- [ABOUT THIS EXERCISE]:
Drop the images, then output the listing exactly.
*****
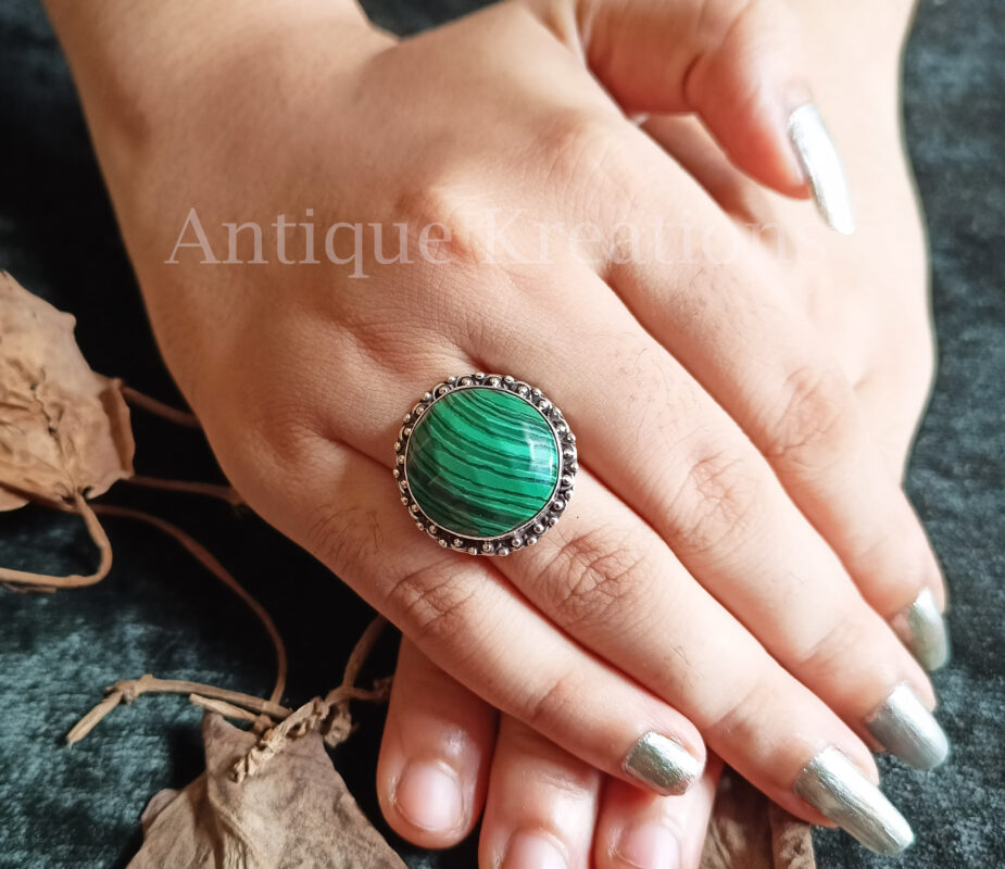 Natural Malachite Ring, 925 Sterling Silver Ring, Malachite Stone Ring, Malachite Women's Jewelry, Gemstone Ring, Gift For Her, Gift For Mom
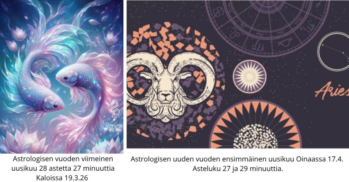 Kuuilta ma 13.4.2026 klo 17.30 -20 Brahenkatu 18 b A19 Illan vetää Pirjo Kahlos. Aiheena tarkastellaan mennyttä Kalojen uuttakuuta sekä tulevaa Oinaan uuttakuuta sekä verrataan näitä karttoja paikalla olevien transiittikarttoihin.Voidaan pohtia myös Oinaan merkin merkitystä siinä valossa miten Aurinko sen nyt jokaiselle tuo tietoisuuteen. Mikä elämänalue on nyt tarkastelun alla?Huhtikuussa mikään planeetta ei peräänny, joten senkin osalta on meillä uusien alkujen ja eteenpäin menemisen aika luvassa. Ilmoita tulostasi info@turkuastro.fi tai jos kuulut WA-ryhmään Kuuilta Tursas. Ovikoodi tallessa? Hinta 12 € jäsen, 18 € ei jäsen. Turun Seudun Astrologinen Seura ry FI51 4309 0010 0431 80, viitenumero 202617.
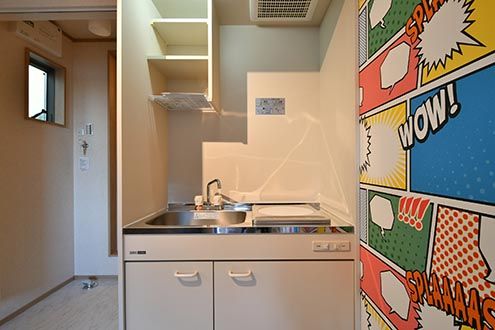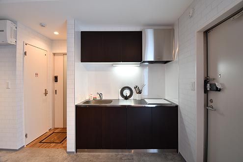 ワンルーム型の室内には、ミニキッチンと水まわり設備が用意されています。
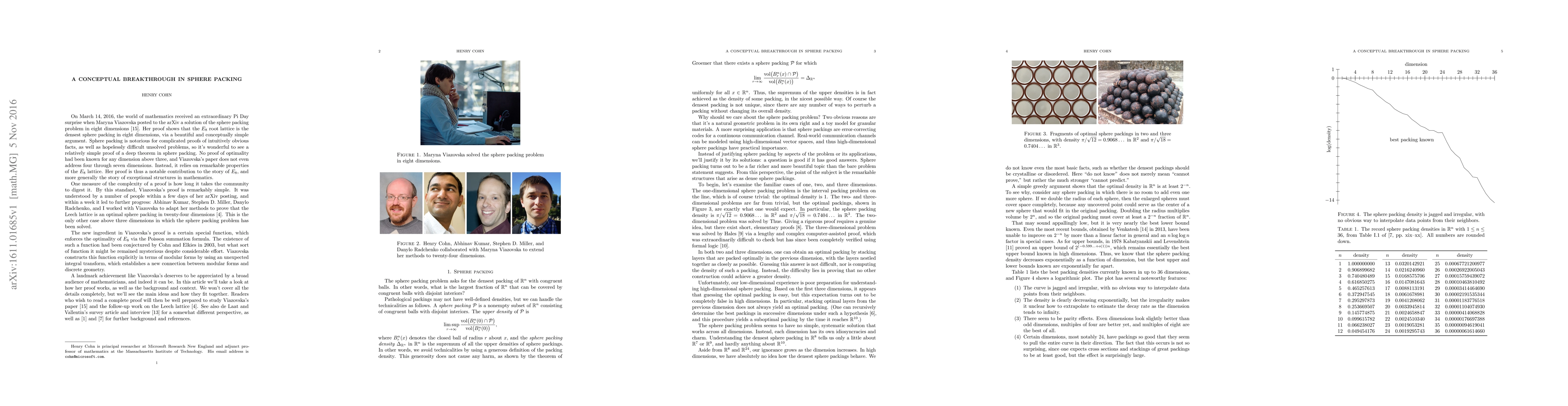 This expository paper describes Viazovska's breakthrough solution of the sphere packing problem in eight dimensions, as well as its extension to twenty-four dimensions by Cohn, Kumar, Miller, Radchenko, and Viazovska.
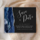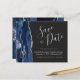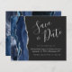 Den här eleganten sparar datumkortet med en marinblå vattenfärgsagat gräns som trimmas med faux silver glitter. Anpassadet kombinerar handskriftsskript för silver grått, tryckplåt och kursivt typsnitt på mörkens bakgrund. Den omvända sidan har en matchande marin blå och silver-agate-design.
*****
- [SOLUTION]:
 Natural Malachite Ring, 925 Sterling Silver Ring, Malachite Stone Ring, Malachite Women's Jewelry, Gemstone Ring, Gift For Her, Gift For Mom
 Kuuilta ma 13.4.2026 klo 17.30 -20 Brahenkatu 18 b A19 Illan vetää Pirjo Kahlos. Aiheena tarkastellaan mennyttä Kalojen uuttakuuta sekä tulevaa Oinaan uuttakuuta sekä verrataan näitä karttoja paikalla olevien transiittikarttoihin.Voidaan pohtia myös Oinaan merkin merkitystä siinä valossa miten Aurinko sen nyt jokaiselle tuo tietoisuuteen. Mikä elämänalue on nyt tarkastelun alla?Huhtikuussa mikään planeetta ei peräänny, joten senkin osalta on meillä uusien alkujen ja eteenpäin menemisen aika luvassa. Ilmoita tulostasi info@turkuastro.fi tai jos kuulut WA-ryhmään Kuuilta Tursas. Ovikoodi tallessa? Hinta 12 € jäsen, 18 € ei jäsen. Turun Seudun Astrologinen Seura ry FI51 4309 0010 0431 80, viitenumero 202617.
 ワンルーム型の室内には、ミニキッチンと水まわり設備が用意されています。
 This expository paper describes Viazovska's breakthrough solution of the sphere packing problem in eight dimensions, as well as its extension to twenty-four dimensions by Cohn, Kumar, Miller, Radchenko, and Viazovska.
 Den här eleganten sparar datumkortet med en marinblå vattenfärgsagat gräns som trimmas med faux silver glitter. Anpassadet kombinerar handskriftsskript för silver grått, tryckplåt och kursivt typsnitt på mörkens bakgrund. Den omvända sidan har en matchande marin blå och silver-agate-design.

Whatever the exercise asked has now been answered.